__Data excerpt__.
- - - -

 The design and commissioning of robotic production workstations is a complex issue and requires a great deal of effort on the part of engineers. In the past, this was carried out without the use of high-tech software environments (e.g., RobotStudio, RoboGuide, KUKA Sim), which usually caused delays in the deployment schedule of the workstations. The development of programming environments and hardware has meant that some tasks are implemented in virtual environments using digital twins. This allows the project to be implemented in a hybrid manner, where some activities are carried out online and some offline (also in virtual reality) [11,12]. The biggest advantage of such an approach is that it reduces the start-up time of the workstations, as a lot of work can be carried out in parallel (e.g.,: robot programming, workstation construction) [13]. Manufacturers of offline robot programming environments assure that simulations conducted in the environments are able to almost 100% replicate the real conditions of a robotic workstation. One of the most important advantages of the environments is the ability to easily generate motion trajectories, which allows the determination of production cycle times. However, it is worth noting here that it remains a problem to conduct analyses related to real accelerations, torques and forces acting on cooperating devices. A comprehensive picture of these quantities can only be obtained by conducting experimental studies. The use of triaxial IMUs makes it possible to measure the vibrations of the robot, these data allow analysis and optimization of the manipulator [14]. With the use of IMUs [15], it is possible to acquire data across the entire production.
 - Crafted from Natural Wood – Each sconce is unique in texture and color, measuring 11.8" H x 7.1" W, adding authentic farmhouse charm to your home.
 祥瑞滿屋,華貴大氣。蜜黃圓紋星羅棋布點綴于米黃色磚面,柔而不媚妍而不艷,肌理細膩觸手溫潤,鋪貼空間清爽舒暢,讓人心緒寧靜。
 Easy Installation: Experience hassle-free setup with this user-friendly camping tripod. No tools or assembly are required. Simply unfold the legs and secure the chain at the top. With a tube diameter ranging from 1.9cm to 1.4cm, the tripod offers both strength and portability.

- - - -

__Work required__. When a line in the material above contains the word "from", copy that line out.

__Task result__.
 - Crafted from Natural Wood – Each sconce is unique in texture and color, measuring 11.8" H x 7.1" W, adding authentic farmhouse charm to your home.
 Easy Installation: Experience hassle-free setup with this user-friendly camping tripod. No tools or assembly are required. Simply unfold the legs and secure the chain at the top. With a tube diameter ranging from 1.9cm to 1.4cm, the tripod offers both strength and portability.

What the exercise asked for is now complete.